If the person does not consent to the blood, breath or urine sample and it is the officer’s choice as to which chemical test is performed, the officer has the ability to suspend the person’s Driver’s License for one year simply for refusing to submit to the blood, breath or urine test.

The Officer Can Obtain a Warrant to Compel the Person to Provide the Sample

Ultimately, the officer would be able to get a warrant, even if the person did refuse to submit to the blood, breath or urine test. The warrant would allow them to pretty much hold a person down if necessary, to take their blood from them, even if they were to fight.

At that point, the officer can either serve the suspension, which is either going to be one year or two years for refusing to provide a chemical test upon request. Or, it could be for 90 days, based on the theory that the person was impaired by alcohol or drugs or that they will come back with a blood alcohol level test of at or above a .08.

If the Officer Is Charging the Individual with a Misdemeanor, They Are Usually Ticketed at That Time; if the Officer Does Not Issue a Citation, the Individual May Be Facing Felony Charges

At that time, if they are going to be charged with a misdemeanor, the suspect should be provided a citation for DUI and possibly some other civil traffic violations that’s in the discretion of the officer.

On occasion, people will not receive any sort of citation and usually when a person does not receive any sort of citation it can mean one of two things.  The officer does not want to give out a citation until the actual blood or urine test results come back, at which point the suspect would be mailed notice to show up in court.

Alternatively, if someone has not received a citation, it could mean that the officer plans on filing a long form which means that the officer intends on filing the charges as a felony.  Either a person is told of their upcoming court date or within either one year for a misdemeanor or seven years for a felony, a person will hopefully receive something in the mail that alerts them to an upcoming court date.

After an Arrest and Being Charged, the Individual Is Scheduled for the First Court Date, Which Is Known as the Initial Appearance

The first court dates that a client goes to will be the initial appearance.

The initial appearance has a few purposes behind it.  First, it’s to enter a plea of not guilty.  That’s kind of a default.

It Is Strongly Recommended that Defendants Retain an Attorney Prior to the Initial Appearance

The other purpose is to determine how the person wants to proceed as far as counsel goes.  A defendant at that point, the person who was previously a suspect, is given the option to choose to represent him or herself or they can fill out an application to see if they qualify for a public defender. Or, they can let the court know that they wish to hire a private attorney, utilizing their own funds.

If the defendant has already spoken to a private attorney, and this is strongly recommended prior to that first court date. It is very likely the defendant will not need to show to that first court date. The private attorney can show up on their behalf or can get that court date to go away and a new court date set.  By the time the following court date arrives on the calendar, the attorney might have copies of the police report.  If not, they really should receive copies of the police report at that upcoming court date.
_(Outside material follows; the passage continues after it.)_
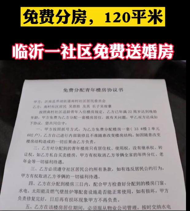 山东一社区为适婚青年分婚房,引发关注。120平米的房子,价值80多万元,免费分给本社区适婚青年。许多网友直呼“羡慕”,问能不能全国推广?自己社区什么时候也能分房?

The Sooner You Retain an Attorney, the Sooner He or She Can Work on the Case and Prepare a Defense

Most of the time, my clients usually do not need to show at that second court date.  I would be able to show up on their behalf, gather the police reports and talk informally with the prosecutor. We possibly try to work out a plea agreement or some sort of disposition on the case if I’d had enough time to review the police reports and prepare for that court date.

The court date is usually then continued for another month.  In the meantime, it’s possible to write motions, do interviews, work out for a dismissal of the case, work out for a beneficial plea agreement and just prepare the case and let the client know what is likely to take place in the future and what their possible options are.